When he appeared before the Senate Banking Committee on April 23, CFPB Director Cordray defended the CFPB’s efforts as necessary for informing its rulemaking, including  its performance of cost-benefit analyses, and fulfilling the CFPB’s reporting responsibilities to Congress.  

A new report by Mr. Dougherty discusses the June 19 letter sent by the U.S. Chamber of Commerce to the CFPB claiming  that the Bureau’s data collection efforts do not comply with the Dodd-Frank Act.  Section 1022 of Dodd-Frank allows the CFPB  “to gather information from time to time regarding the organization, business conduct, markets, and activities of covered persons and service providers” by using various methods, including requiring banks and other “covered persons and service providers participating in consumer financial services markets to file with the Bureau, under oath or otherwise, in such form and within such reasonable period of time as the Bureau may prescribe by rule or order, annual or special reports, or answers in writing to specific questions.”  The Chamber indicates in its letter that the CFPB’s data collection efforts are unlawful because the Bureau has not issued a “rule or order” as required by Section 1022. 

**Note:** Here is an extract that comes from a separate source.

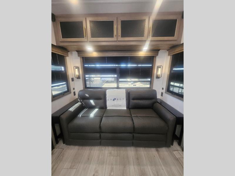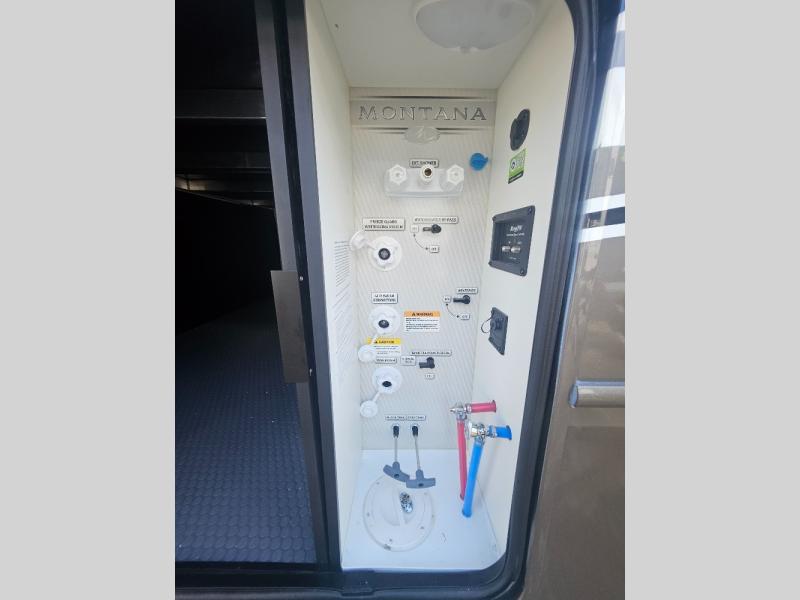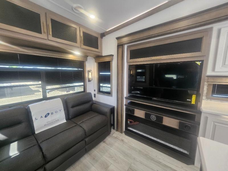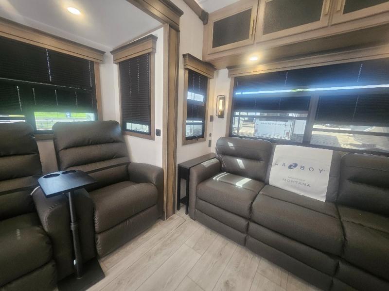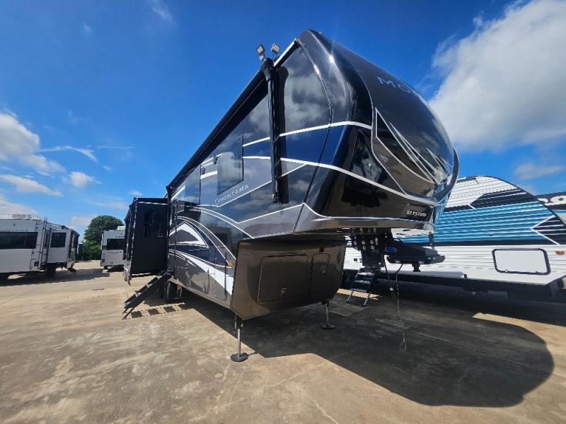 Enjoy luxury, innovation, and the outdoors in any one of Montana's finest fifth wheels. Each set the standard with exceptional features, and exciting factory installed options to provide you a great home on the road. Keystone's 12" I-beam chassis with z-frame technology provides a strong and durable foundation to your fifth wheel, and the four season living package will help extend your camping season. A few other construction features you will appreciate include a MORryde CRE3000 suspension, a fully walkable roof with an alpha seamless TPO membrane system, and 4k square frameless tinted safety glass windows. Each feature stylish interiors with two decor choices paired with beautiful hardwood cabinetry, Beauflor vinyl flooring throughout, central vacuum, plus a La-Z-Boy furniture package for all-around comfort!

The Chamber’s letter notes that the CFPB has taken the position that its data collection does not violate the prohibition in Dodd-Frank barring the CFPB from “obtain[ing] records from covered persons and service providers…for purposes of gathering or analyzing the personally identifiable information of consumers.”  In the CFPB’s view, the prohibition is not violated because the information it receives does not include consumers’ names and addresses. The Chamber questions in its letter whether the Bureau has sufficient protections in place to prevent the information it receives from being linked to a consumer’s personal identity. 

Also discussed in the Chamber’s letter are the costs the CFPB’s information demands impose on the companies required to provide such information and the potential risks to such companies of providing confidential information to the Bureau that the Bureau does not clearly have the right to obtain.